Exercise:
Count how many lines in the data hold "Pelatihan". Only the number.

Recorded information:
———

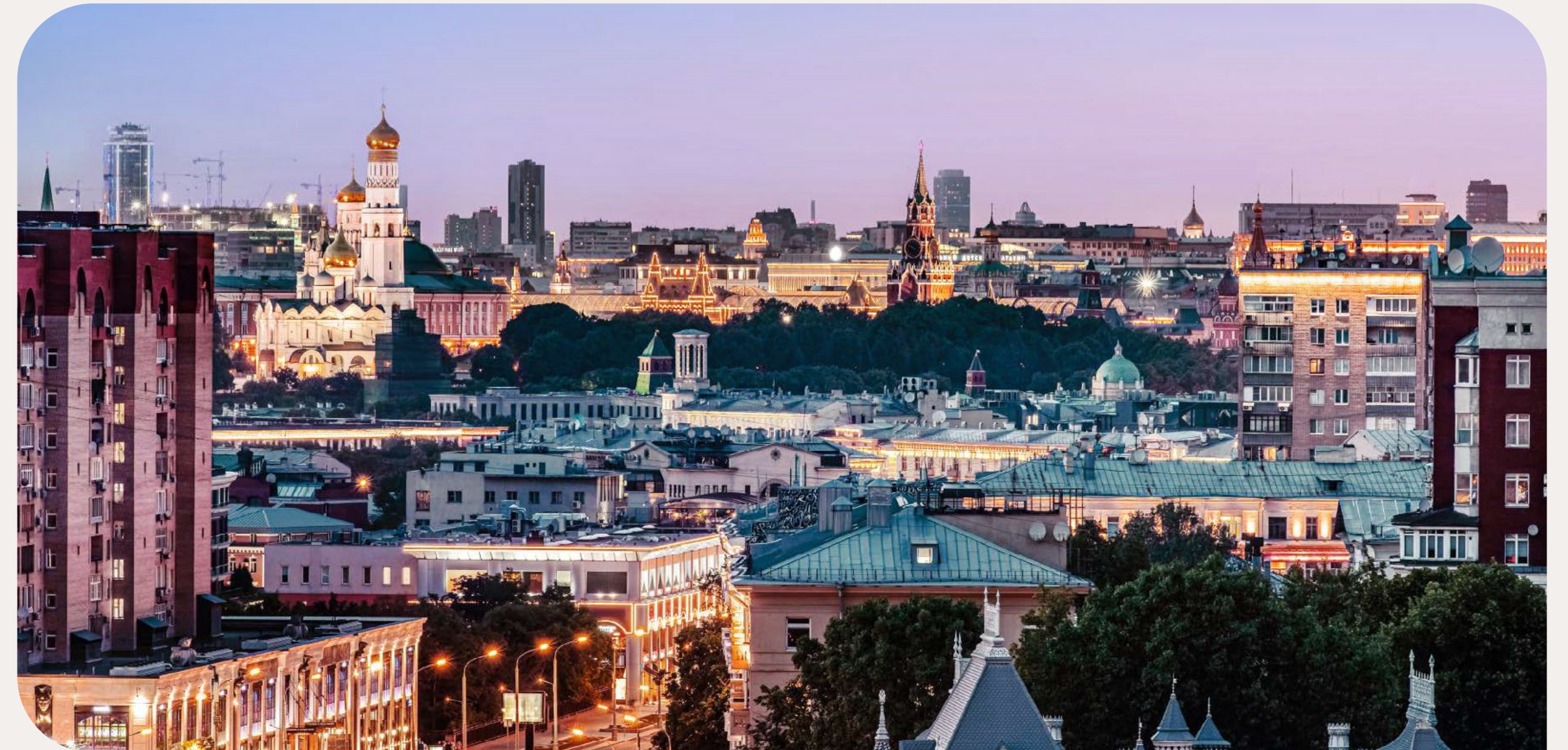
✦ ВИД НА КРЕМЛЬ
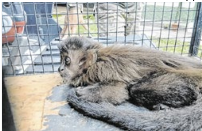
Animal foi encaminhado para atendimento especializado
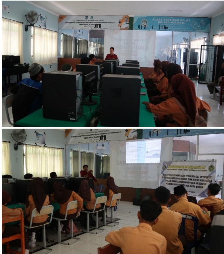
Gambar 2. Pelatihan Pengenalan Teknologi IoT dan Robotika

Pelatihan dapat meningkatkan minat siswa untuk belajar teknologi informasi utamanya pada sektor IoT dan Robotika.

———

Finished exercise:
2